■ What needs to be done ■
Restate the entries below in full, exactly as they read, but without pictures.

■ Provided entries ■
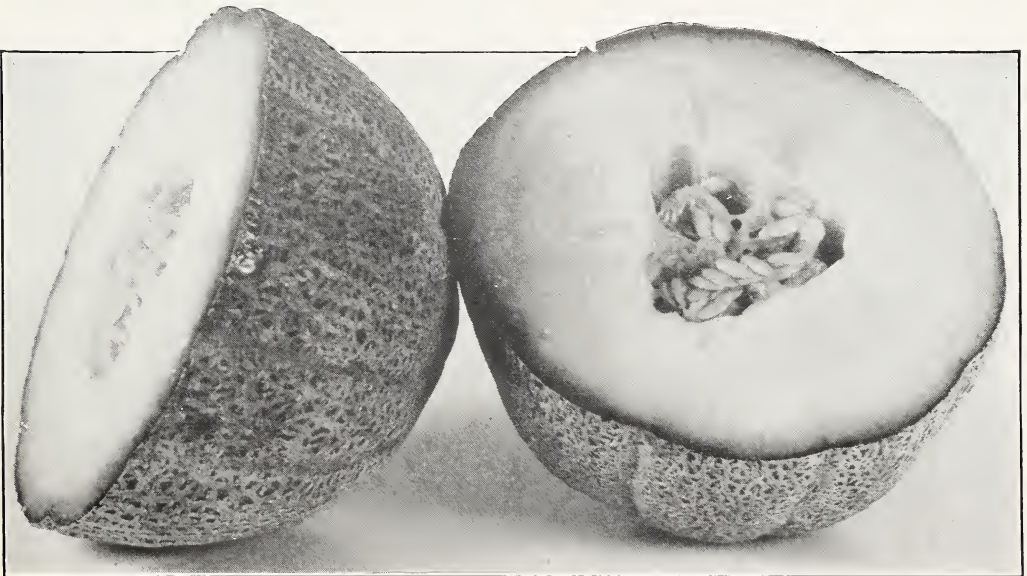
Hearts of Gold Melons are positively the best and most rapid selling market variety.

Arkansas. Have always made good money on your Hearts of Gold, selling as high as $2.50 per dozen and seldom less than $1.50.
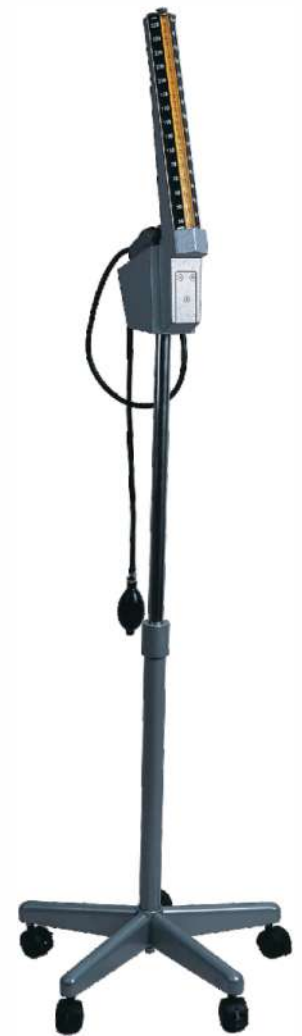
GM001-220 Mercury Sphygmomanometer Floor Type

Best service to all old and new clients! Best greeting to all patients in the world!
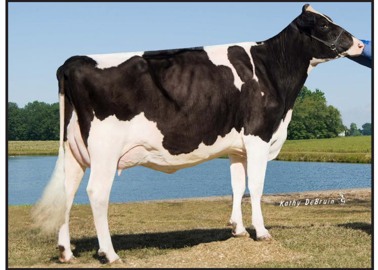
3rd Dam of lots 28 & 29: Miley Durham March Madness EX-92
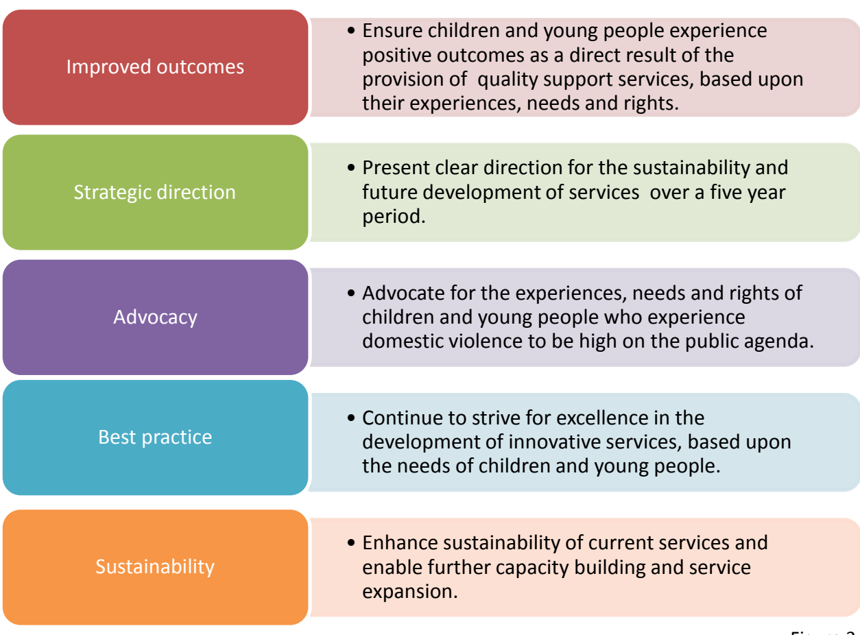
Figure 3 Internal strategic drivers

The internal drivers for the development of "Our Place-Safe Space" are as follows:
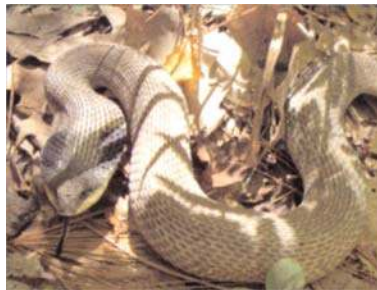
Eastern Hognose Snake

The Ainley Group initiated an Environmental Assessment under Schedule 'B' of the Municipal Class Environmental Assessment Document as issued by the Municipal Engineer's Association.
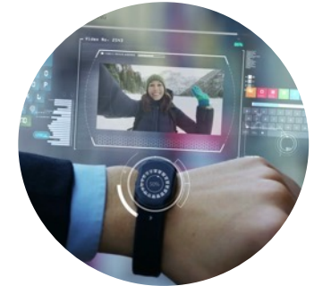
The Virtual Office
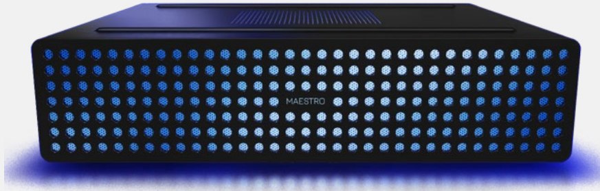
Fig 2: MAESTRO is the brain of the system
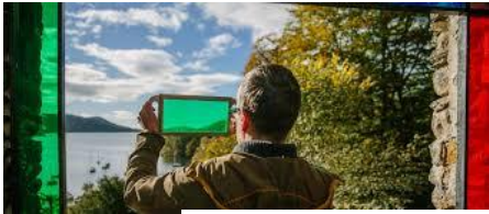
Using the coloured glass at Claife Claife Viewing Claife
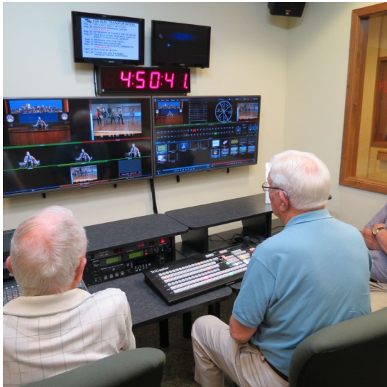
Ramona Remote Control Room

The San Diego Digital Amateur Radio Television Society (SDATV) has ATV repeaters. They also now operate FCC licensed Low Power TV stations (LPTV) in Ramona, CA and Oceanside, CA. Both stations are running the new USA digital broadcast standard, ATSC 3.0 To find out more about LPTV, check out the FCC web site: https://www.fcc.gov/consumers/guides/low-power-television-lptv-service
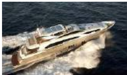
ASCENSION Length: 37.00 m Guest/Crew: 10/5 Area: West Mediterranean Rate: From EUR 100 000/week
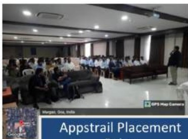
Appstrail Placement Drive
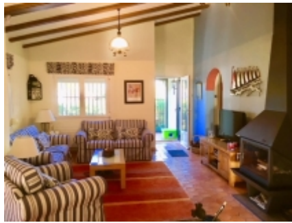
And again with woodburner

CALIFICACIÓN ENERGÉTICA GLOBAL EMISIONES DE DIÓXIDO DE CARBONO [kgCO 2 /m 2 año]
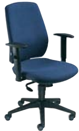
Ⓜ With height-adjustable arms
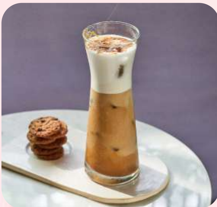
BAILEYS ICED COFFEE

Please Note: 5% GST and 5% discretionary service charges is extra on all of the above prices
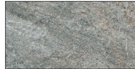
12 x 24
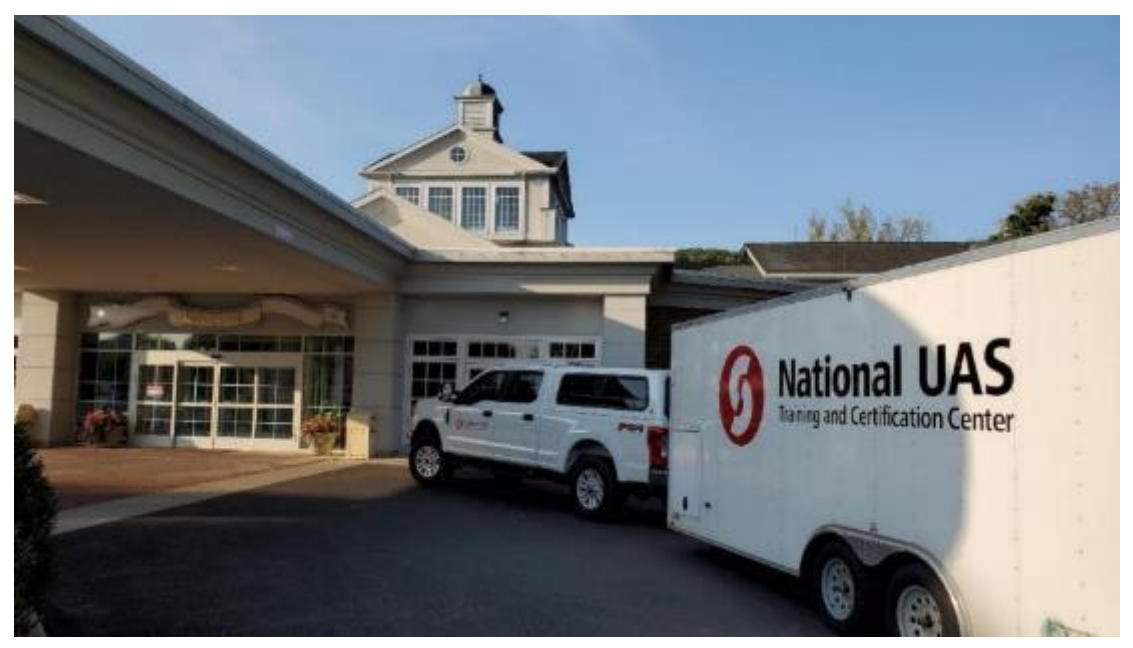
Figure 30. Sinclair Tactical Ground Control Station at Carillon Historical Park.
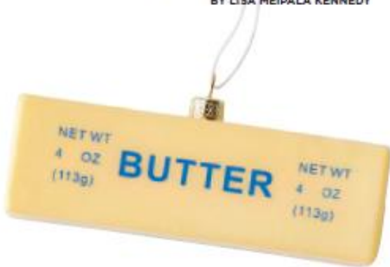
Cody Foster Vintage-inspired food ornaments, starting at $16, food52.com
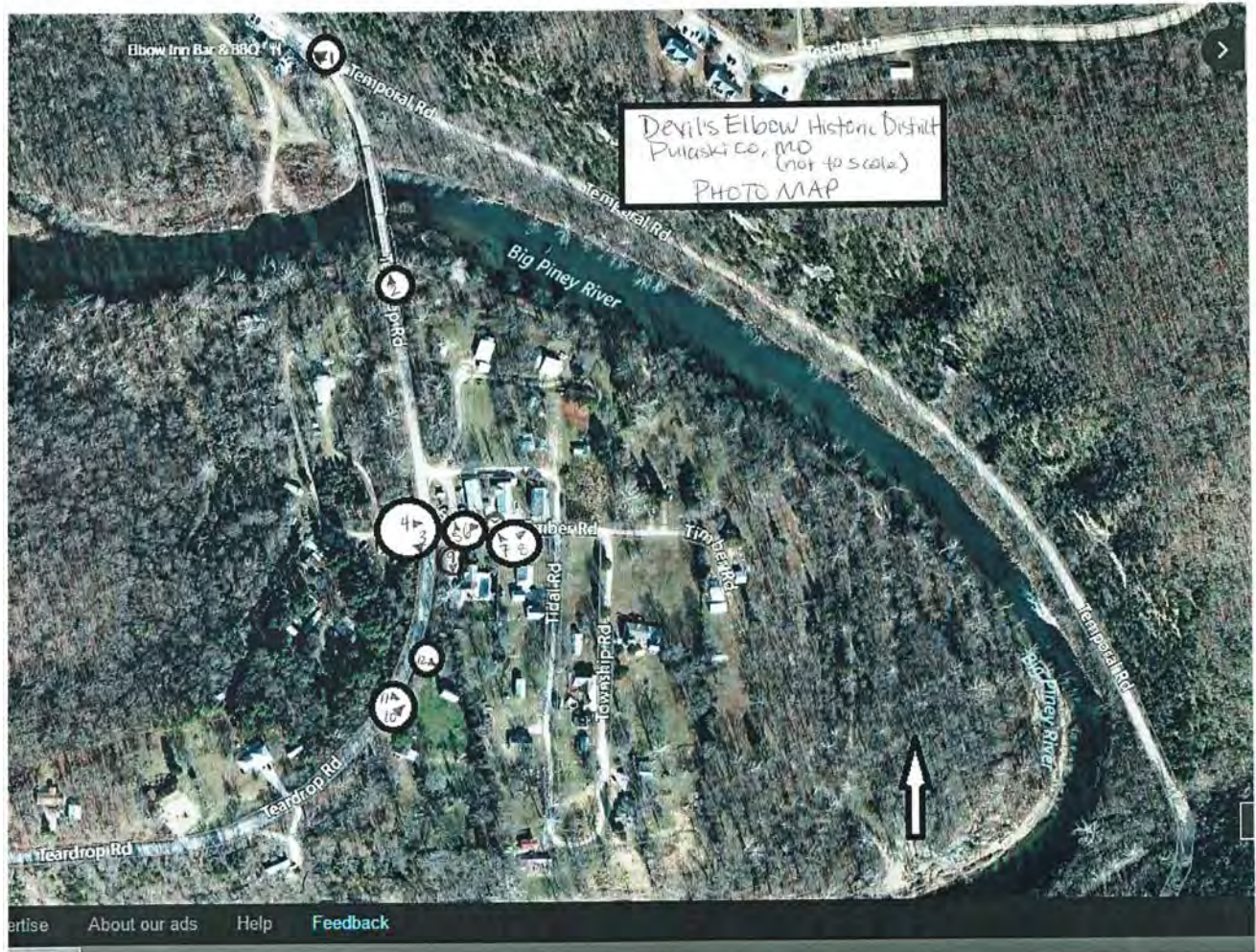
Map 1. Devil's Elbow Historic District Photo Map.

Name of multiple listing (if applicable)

■ Answer box ■
Hearts of Gold Melons are positively the best and most rapid selling market variety.

Arkansas. Have always made good money on your Hearts of Gold, selling as high as $2.50 per dozen and seldom less than $1.50.
GM001-220 Mercury Sphygmomanometer Floor Type

Best service to all old and new clients! Best greeting to all patients in the world!
3rd Dam of lots 28 & 29: Miley Durham March Madness EX-92
Figure 3 Internal strategic drivers

The internal drivers for the development of "Our Place-Safe Space" are as follows:
Eastern Hognose Snake

The Ainley Group initiated an Environmental Assessment under Schedule 'B' of the Municipal Class Environmental Assessment Document as issued by the Municipal Engineer's Association.
The Virtual Office
Fig 2: MAESTRO is the brain of the system
Using the coloured glass at Claife Claife Viewing Claife
Ramona Remote Control Room

The San Diego Digital Amateur Radio Television Society (SDATV) has ATV repeaters. They also now operate FCC licensed Low Power TV stations (LPTV) in Ramona, CA and Oceanside, CA. Both stations are running the new USA digital broadcast standard, ATSC 3.0 To find out more about LPTV, check out the FCC web site: https://www.fcc.gov/consumers/guides/low-power-television-lptv-service
ASCENSION Length: 37.00 m Guest/Crew: 10/5 Area: West Mediterranean Rate: From EUR 100 000/week
Appstrail Placement Drive
And again with woodburner

CALIFICACIÓN ENERGÉTICA GLOBAL EMISIONES DE DIÓXIDO DE CARBONO [kgCO 2 /m 2 año]
Ⓜ With height-adjustable arms
BAILEYS ICED COFFEE

Please Note: 5% GST and 5% discretionary service charges is extra on all of the above prices
12 x 24
Figure 30. Sinclair Tactical Ground Control Station at Carillon Historical Park.
Cody Foster Vintage-inspired food ornaments, starting at $16, food52.com
Map 1. Devil's Elbow Historic District Photo Map.

Name of multiple listing (if applicable)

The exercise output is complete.